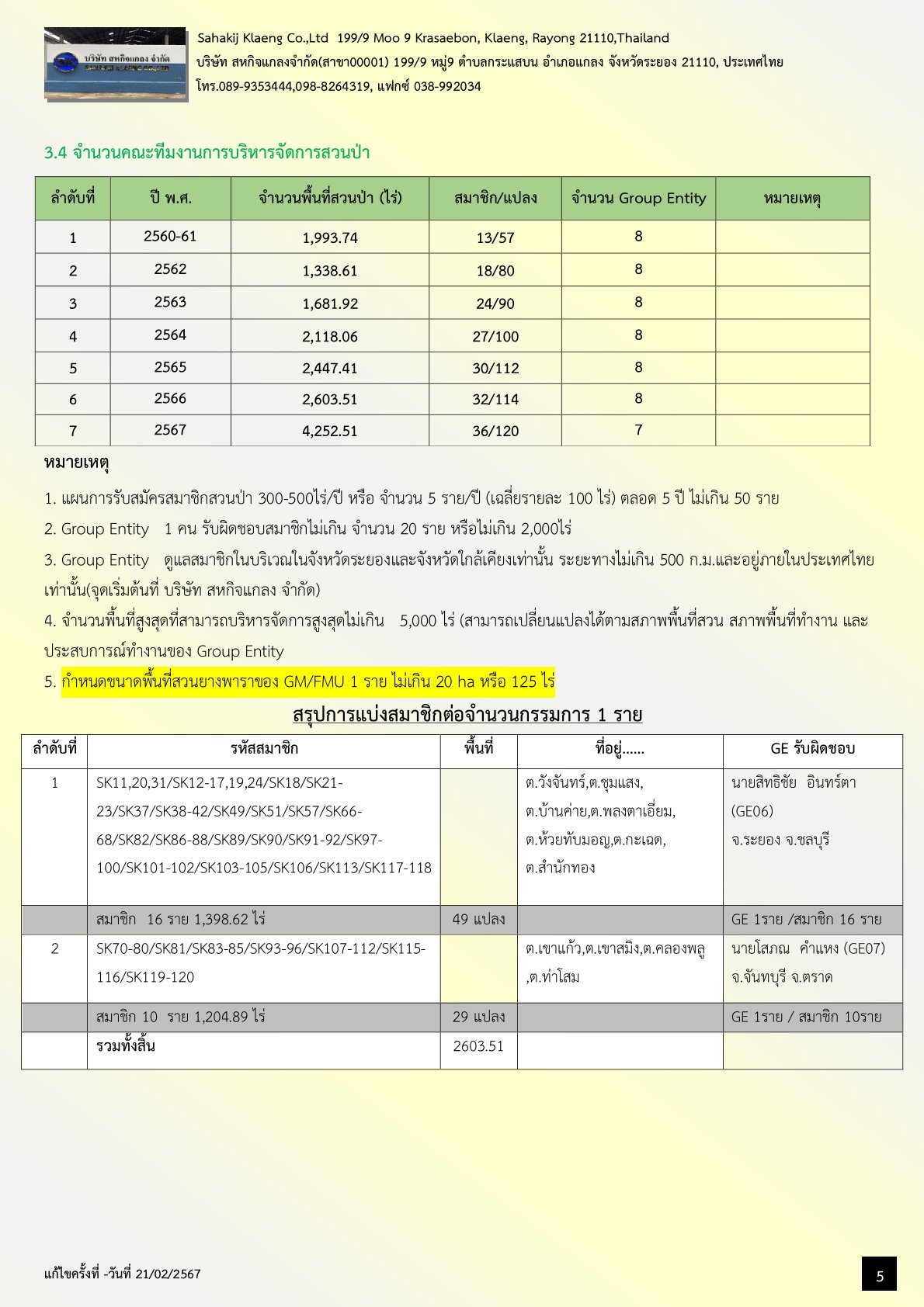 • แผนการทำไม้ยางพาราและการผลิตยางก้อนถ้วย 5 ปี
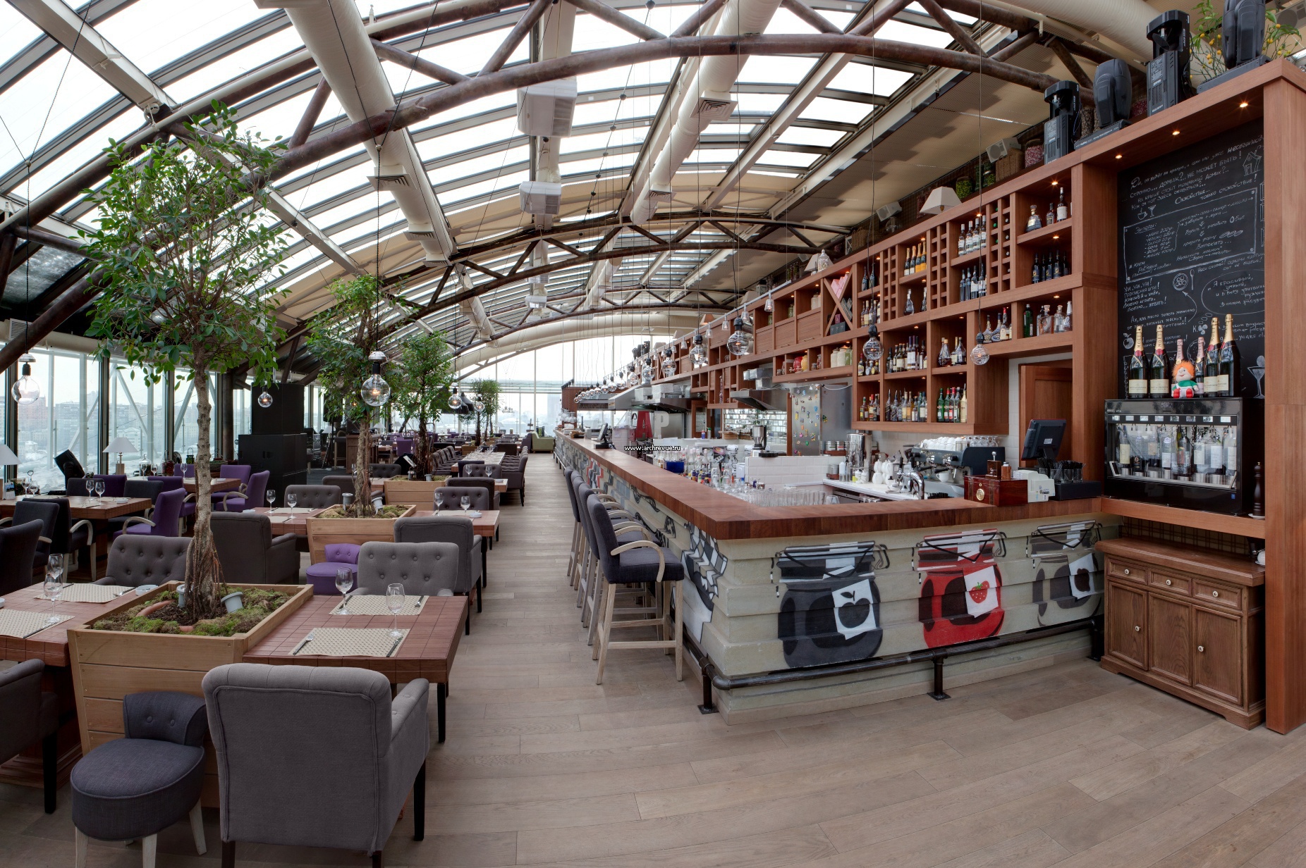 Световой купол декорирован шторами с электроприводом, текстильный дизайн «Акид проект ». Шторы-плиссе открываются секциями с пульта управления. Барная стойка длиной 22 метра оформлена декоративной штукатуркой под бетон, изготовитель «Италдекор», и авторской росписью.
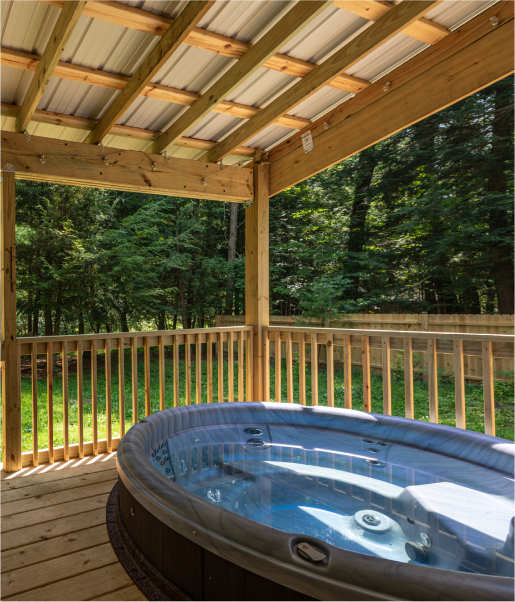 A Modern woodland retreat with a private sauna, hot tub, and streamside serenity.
======
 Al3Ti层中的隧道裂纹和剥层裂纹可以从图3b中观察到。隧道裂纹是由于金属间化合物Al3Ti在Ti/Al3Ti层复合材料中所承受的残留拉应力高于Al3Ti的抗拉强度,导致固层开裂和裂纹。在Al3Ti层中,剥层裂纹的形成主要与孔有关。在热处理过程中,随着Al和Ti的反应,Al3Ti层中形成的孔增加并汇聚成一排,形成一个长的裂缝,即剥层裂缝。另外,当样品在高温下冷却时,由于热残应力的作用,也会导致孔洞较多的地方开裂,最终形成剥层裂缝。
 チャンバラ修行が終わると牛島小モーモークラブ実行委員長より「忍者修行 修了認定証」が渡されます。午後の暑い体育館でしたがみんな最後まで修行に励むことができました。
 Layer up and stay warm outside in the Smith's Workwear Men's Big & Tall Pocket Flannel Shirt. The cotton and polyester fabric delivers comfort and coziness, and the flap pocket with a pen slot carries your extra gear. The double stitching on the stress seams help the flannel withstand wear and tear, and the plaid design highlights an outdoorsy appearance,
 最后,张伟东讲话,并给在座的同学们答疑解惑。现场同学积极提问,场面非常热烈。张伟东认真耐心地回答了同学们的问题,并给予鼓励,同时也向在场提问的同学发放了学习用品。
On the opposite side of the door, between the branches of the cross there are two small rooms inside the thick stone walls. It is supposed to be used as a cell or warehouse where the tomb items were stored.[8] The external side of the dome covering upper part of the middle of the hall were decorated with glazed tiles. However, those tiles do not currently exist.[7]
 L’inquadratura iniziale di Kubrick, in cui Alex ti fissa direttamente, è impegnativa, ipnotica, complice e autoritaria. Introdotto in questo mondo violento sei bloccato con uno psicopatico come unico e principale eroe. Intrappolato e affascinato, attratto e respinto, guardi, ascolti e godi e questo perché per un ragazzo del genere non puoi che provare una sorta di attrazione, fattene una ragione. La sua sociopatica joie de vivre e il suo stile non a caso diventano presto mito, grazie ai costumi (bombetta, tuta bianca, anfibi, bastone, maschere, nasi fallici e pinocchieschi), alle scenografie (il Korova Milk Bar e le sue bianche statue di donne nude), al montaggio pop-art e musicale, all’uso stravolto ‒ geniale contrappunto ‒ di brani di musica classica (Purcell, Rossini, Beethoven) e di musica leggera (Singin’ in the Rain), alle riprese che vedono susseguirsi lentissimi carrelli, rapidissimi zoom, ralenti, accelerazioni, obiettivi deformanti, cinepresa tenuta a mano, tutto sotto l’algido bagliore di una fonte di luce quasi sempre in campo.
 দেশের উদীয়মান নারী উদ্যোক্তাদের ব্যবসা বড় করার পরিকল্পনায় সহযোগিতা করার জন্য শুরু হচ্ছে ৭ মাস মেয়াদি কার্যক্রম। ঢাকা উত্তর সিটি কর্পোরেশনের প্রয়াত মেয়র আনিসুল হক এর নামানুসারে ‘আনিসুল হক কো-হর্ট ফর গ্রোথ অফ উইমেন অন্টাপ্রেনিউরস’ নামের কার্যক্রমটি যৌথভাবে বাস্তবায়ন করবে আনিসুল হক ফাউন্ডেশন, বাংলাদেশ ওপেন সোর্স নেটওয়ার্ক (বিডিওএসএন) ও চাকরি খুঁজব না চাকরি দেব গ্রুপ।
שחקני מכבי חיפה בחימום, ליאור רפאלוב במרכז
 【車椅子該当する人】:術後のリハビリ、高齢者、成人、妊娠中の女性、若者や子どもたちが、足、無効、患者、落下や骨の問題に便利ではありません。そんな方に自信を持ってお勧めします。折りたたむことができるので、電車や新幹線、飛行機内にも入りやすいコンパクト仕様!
======
▸ EXERCISE DESCRIPTION
Everything above from the line containing "最后,张伟东讲话,并给在座的" through the line containing "On the opposite" must be copied exactly. Nothing outside that range belongs in the answer.

▸ EXERCISE RESULT
 最后,张伟东讲话,并给在座的同学们答疑解惑。现场同学积极提问,场面非常热烈。张伟东认真耐心地回答了同学们的问题,并给予鼓励,同时也向在场提问的同学发放了学习用品。
On the opposite side of the door, between the branches of the cross there are two small rooms inside the thick stone walls. It is supposed to be used as a cell or warehouse where the tomb items were stored.[8] The external side of the dome covering upper part of the middle of the hall were decorated with glazed tiles. However, those tiles do not currently exist.[7]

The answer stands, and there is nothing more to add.